═════ Supplied information ═════

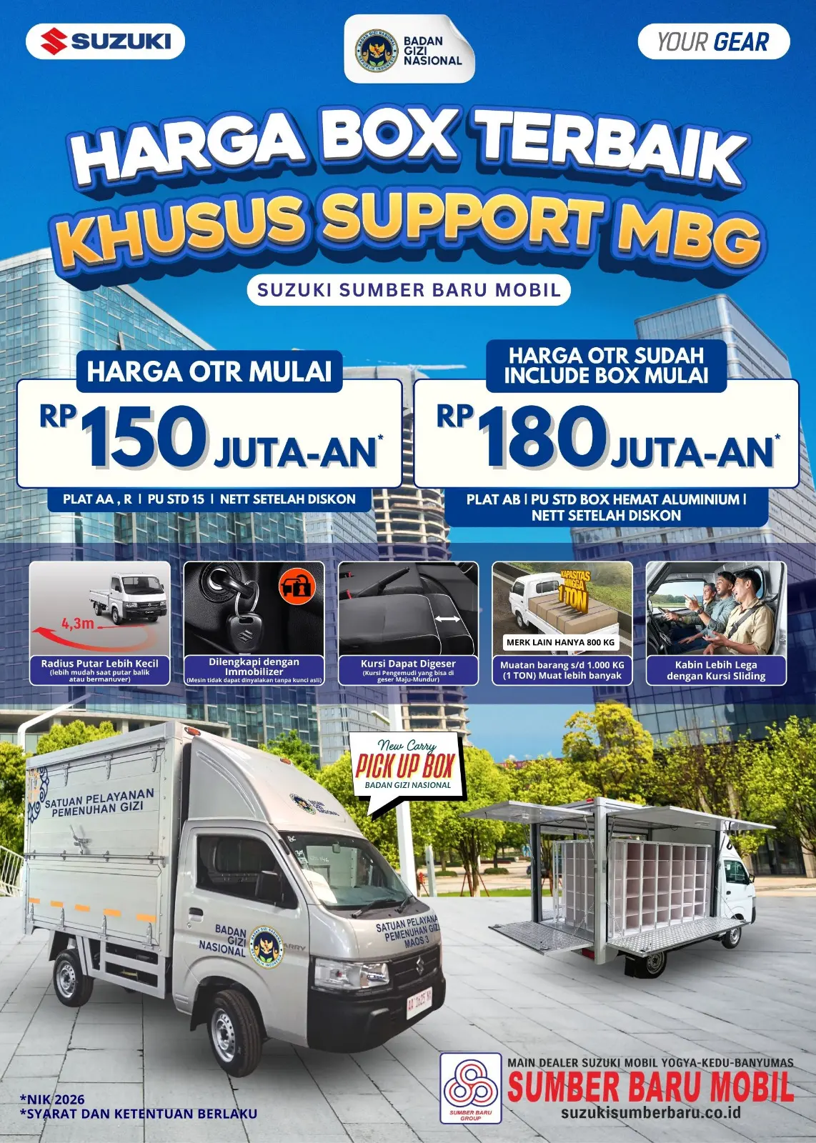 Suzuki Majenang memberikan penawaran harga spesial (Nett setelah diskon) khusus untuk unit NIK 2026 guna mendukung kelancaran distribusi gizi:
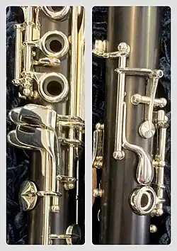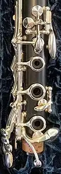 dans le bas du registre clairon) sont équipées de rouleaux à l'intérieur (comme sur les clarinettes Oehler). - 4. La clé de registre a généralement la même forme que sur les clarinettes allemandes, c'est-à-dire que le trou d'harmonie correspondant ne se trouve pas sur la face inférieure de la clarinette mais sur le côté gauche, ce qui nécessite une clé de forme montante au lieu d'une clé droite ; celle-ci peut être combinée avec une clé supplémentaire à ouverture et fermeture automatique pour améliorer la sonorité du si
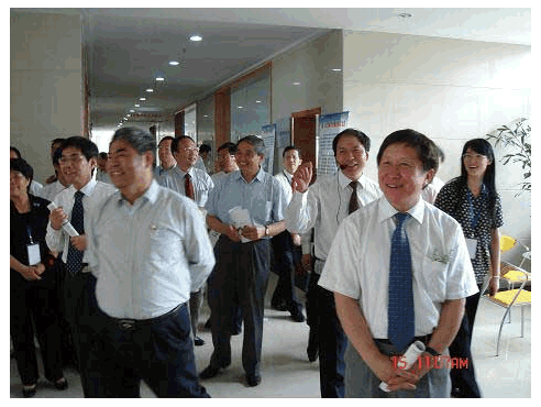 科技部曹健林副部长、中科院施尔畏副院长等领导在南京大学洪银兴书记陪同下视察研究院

═════
═════ Supplied information ═════

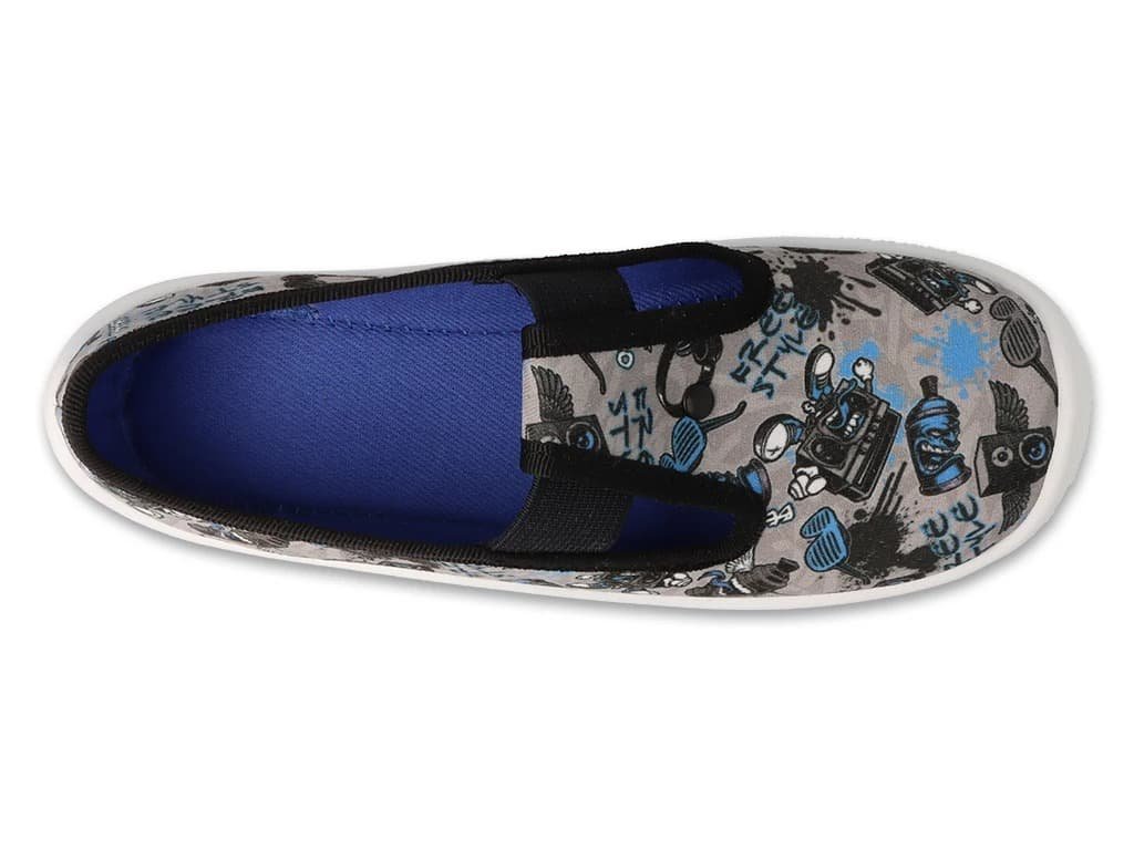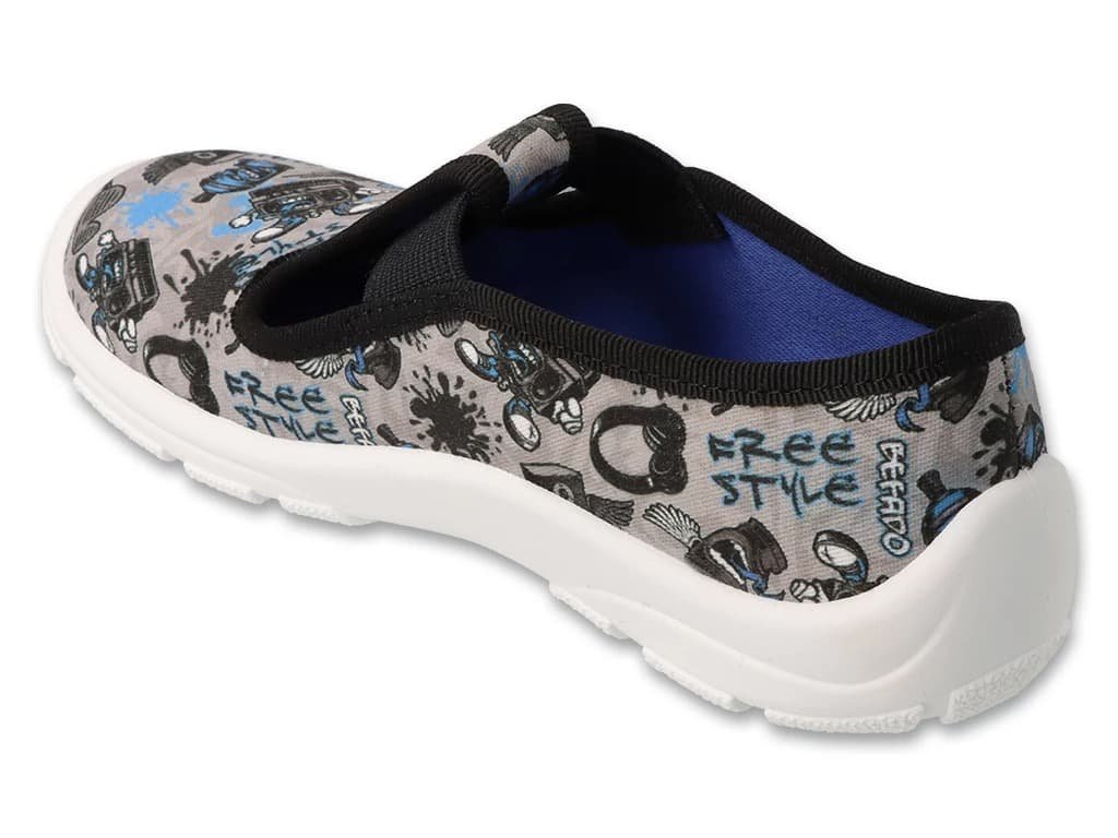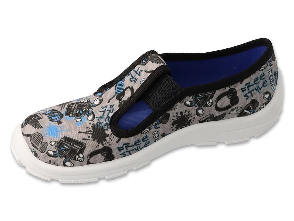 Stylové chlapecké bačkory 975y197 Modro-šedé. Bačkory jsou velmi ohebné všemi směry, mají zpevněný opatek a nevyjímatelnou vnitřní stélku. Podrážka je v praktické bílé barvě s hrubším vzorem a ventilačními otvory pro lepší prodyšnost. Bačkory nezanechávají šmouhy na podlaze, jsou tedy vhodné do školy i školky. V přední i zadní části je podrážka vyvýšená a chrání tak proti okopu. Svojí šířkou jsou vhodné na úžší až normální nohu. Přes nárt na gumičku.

═════

- [Task to carry out]:
When copying from the data above, begin at the line containing "Suzuki Majenang memberikan" and end at the line containing "科技部曹健林副部长、中科院施"; return those lines exactly and leave all pictures behind.

- [Task response]:
 Suzuki Majenang memberikan penawaran harga spesial (Nett setelah diskon) khusus untuk unit NIK 2026 guna mendukung kelancaran distribusi gizi:
 dans le bas du registre clairon) sont équipées de rouleaux à l'intérieur (comme sur les clarinettes Oehler). - 4. La clé de registre a généralement la même forme que sur les clarinettes allemandes, c'est-à-dire que le trou d'harmonie correspondant ne se trouve pas sur la face inférieure de la clarinette mais sur le côté gauche, ce qui nécessite une clé de forme montante au lieu d'une clé droite ; celle-ci peut être combinée avec une clé supplémentaire à ouverture et fermeture automatique pour améliorer la sonorité du si
 科技部曹健林副部长、中科院施尔畏副院长等领导在南京大学洪银兴书记陪同下视察研究院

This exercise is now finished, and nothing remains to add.